Supplied records Start Marker

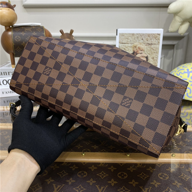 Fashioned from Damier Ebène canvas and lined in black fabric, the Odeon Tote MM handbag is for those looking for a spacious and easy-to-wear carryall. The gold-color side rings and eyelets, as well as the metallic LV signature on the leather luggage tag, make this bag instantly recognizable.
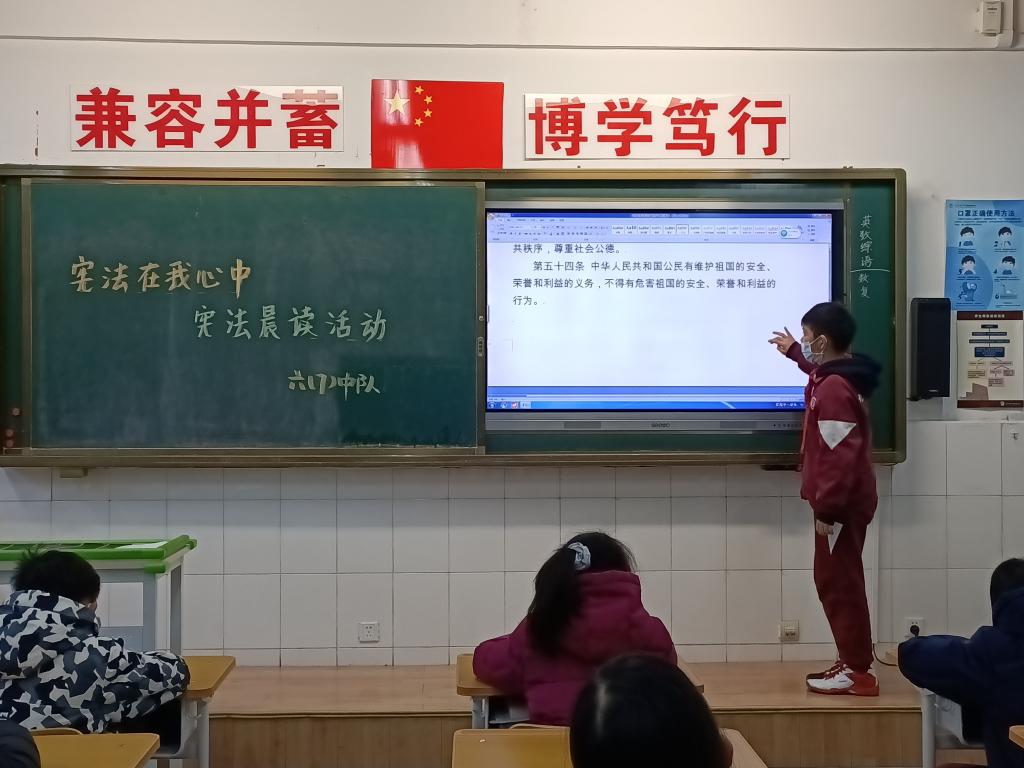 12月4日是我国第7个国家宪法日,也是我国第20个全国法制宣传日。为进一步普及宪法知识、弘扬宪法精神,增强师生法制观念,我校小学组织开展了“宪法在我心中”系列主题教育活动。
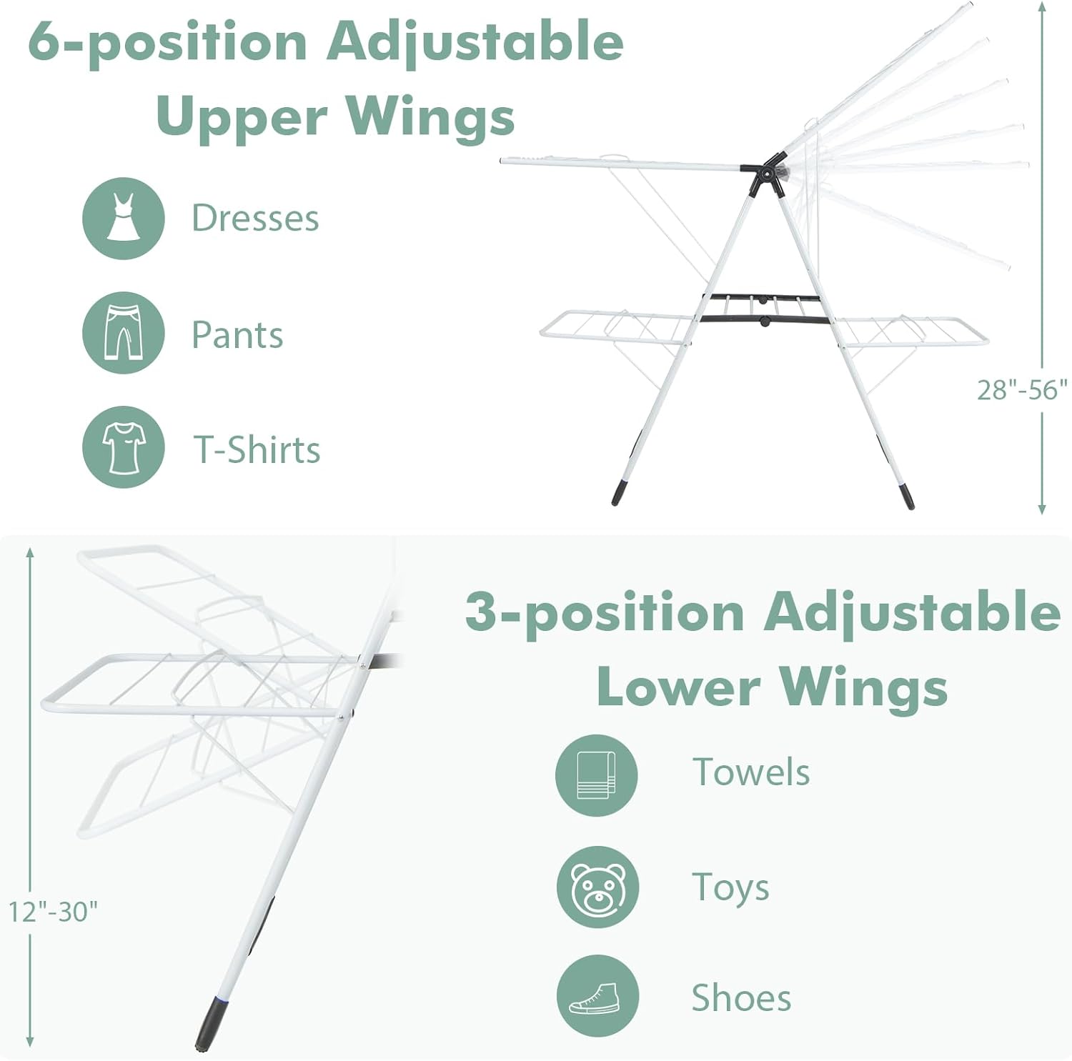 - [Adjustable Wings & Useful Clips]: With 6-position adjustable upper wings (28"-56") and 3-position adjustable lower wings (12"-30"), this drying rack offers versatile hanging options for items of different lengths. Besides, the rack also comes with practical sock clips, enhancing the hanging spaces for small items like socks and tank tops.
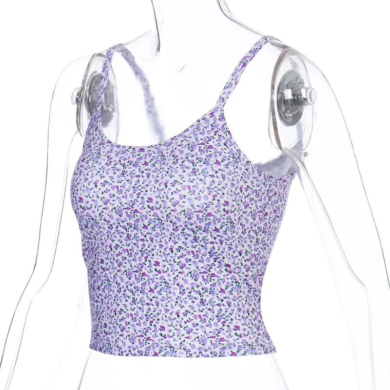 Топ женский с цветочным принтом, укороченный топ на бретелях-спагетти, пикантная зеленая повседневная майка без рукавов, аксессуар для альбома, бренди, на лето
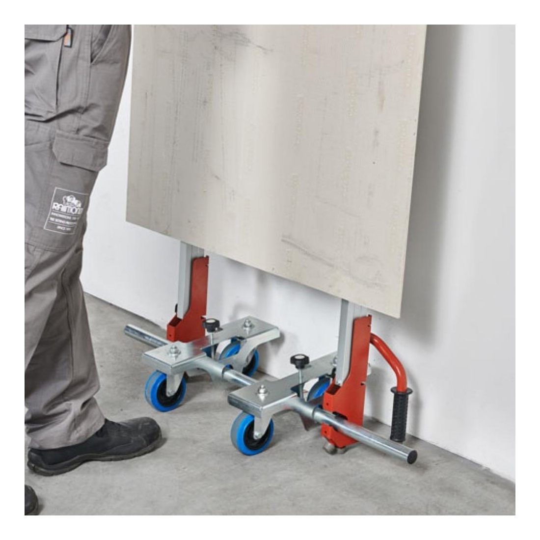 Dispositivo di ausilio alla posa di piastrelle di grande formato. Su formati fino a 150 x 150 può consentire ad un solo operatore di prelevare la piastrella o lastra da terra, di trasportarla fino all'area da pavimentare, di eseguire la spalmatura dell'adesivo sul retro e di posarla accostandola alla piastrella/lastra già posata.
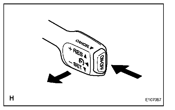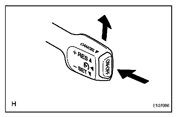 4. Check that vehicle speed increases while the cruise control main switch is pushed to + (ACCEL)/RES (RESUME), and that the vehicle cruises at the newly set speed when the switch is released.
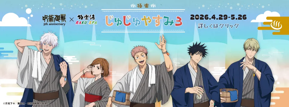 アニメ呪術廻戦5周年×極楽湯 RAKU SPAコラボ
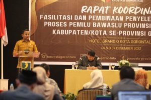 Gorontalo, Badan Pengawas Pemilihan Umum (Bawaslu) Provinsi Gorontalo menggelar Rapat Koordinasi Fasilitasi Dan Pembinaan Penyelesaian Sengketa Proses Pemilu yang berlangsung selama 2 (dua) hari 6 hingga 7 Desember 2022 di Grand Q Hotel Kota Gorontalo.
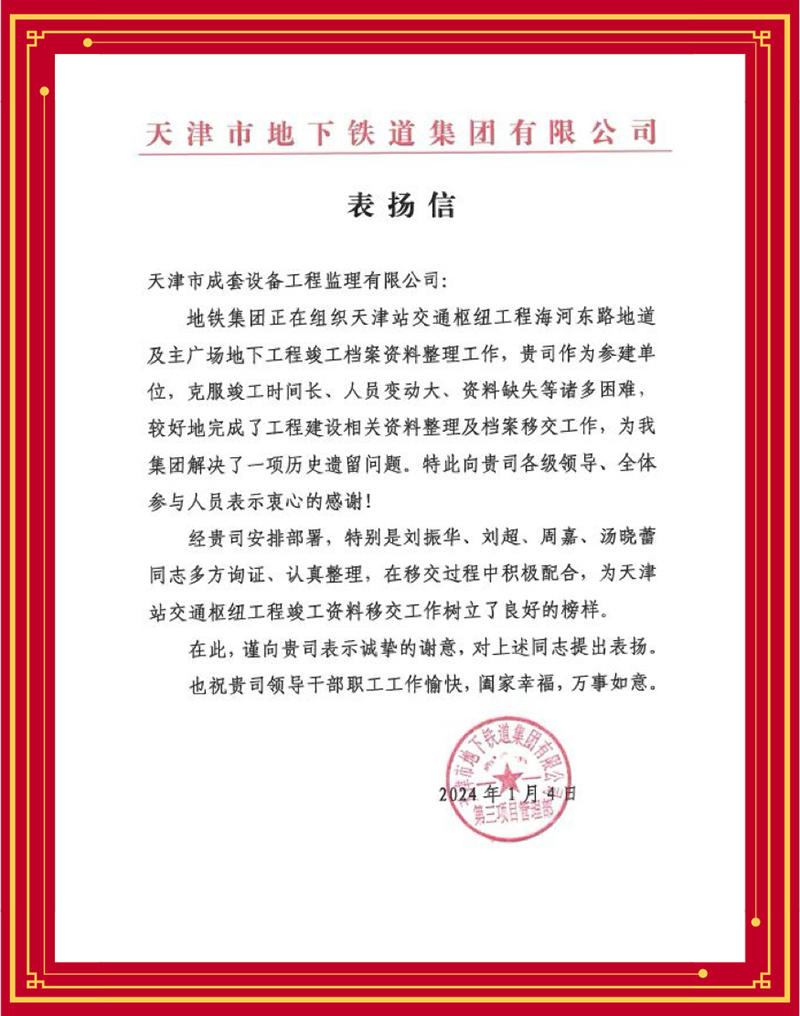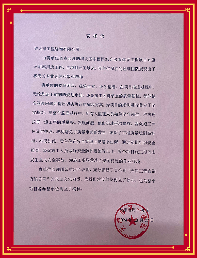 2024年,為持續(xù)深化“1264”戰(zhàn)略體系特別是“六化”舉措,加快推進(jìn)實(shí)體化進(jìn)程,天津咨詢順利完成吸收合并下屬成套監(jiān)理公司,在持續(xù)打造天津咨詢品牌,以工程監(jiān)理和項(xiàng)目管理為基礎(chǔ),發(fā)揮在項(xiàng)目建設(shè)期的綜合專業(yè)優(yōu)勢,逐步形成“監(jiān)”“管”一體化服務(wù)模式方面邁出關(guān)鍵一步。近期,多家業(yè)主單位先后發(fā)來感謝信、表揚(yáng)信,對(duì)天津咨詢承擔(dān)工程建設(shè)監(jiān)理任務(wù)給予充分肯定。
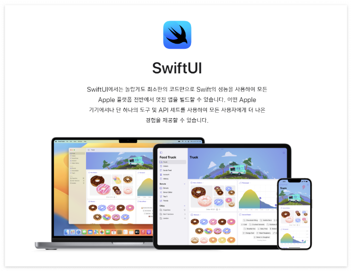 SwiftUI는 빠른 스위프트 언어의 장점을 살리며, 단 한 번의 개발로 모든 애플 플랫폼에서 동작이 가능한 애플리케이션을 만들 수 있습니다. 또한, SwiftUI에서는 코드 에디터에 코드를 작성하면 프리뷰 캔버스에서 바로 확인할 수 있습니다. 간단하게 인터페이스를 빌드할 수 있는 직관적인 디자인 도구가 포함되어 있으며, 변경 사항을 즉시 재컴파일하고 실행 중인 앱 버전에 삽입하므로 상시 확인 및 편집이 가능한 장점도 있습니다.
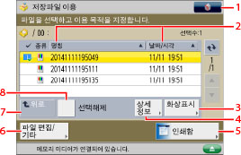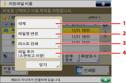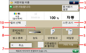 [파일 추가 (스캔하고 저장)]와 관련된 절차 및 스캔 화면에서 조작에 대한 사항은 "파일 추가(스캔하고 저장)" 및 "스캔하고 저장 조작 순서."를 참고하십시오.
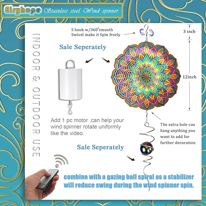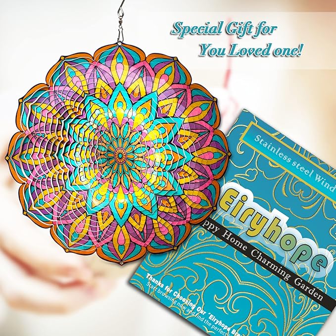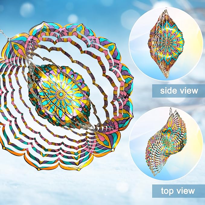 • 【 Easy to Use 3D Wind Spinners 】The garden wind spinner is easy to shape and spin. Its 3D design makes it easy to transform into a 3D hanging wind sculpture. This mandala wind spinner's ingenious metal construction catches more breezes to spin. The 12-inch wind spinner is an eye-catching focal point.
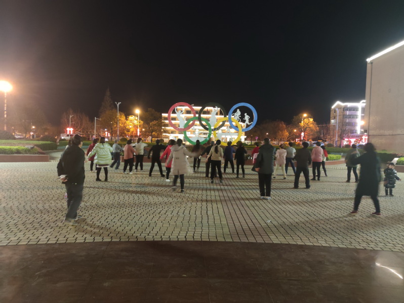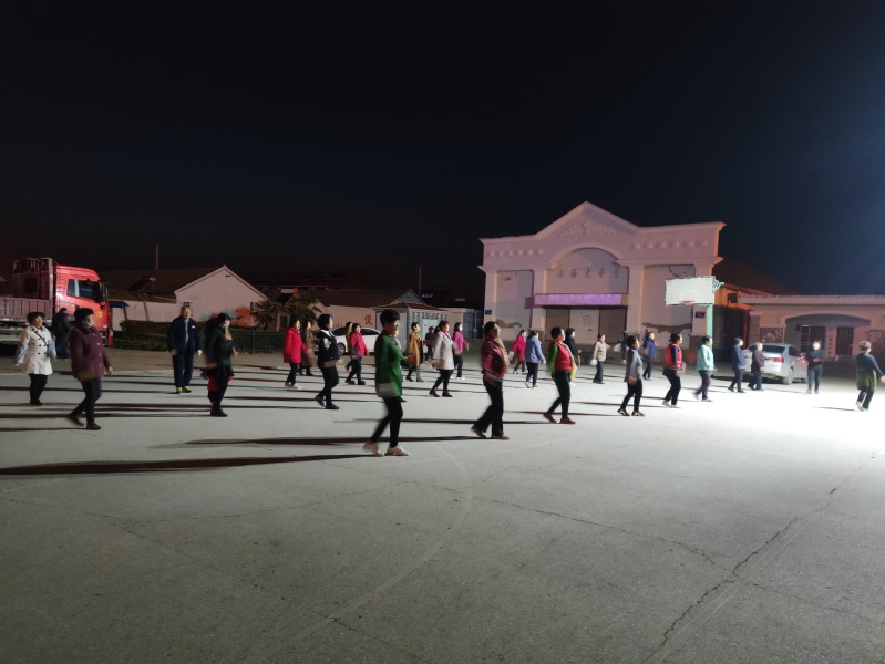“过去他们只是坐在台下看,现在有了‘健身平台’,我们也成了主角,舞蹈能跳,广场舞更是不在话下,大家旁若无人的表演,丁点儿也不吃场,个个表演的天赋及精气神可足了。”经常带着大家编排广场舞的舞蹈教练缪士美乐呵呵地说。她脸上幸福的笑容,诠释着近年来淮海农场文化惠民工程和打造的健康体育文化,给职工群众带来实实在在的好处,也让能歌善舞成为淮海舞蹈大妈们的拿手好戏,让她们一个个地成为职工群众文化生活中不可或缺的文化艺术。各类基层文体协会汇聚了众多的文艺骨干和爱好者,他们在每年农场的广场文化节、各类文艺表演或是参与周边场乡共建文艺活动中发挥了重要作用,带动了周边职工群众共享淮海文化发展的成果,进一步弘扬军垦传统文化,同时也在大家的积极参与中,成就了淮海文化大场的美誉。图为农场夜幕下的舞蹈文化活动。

Supplied records End Marker

Precisely those lines above that run from the line with "[파일 추가 (스캔하고" up to and including the line with "eye-catching focal point." are to be set down, with the pictures omitted.

Exercise result:
 [파일 추가 (스캔하고 저장)]와 관련된 절차 및 스캔 화면에서 조작에 대한 사항은 "파일 추가(스캔하고 저장)" 및 "스캔하고 저장 조작 순서."를 참고하십시오.
 • 【 Easy to Use 3D Wind Spinners 】The garden wind spinner is easy to shape and spin. Its 3D design makes it easy to transform into a 3D hanging wind sculpture. This mandala wind spinner's ingenious metal construction catches more breezes to spin. The 12-inch wind spinner is an eye-catching focal point.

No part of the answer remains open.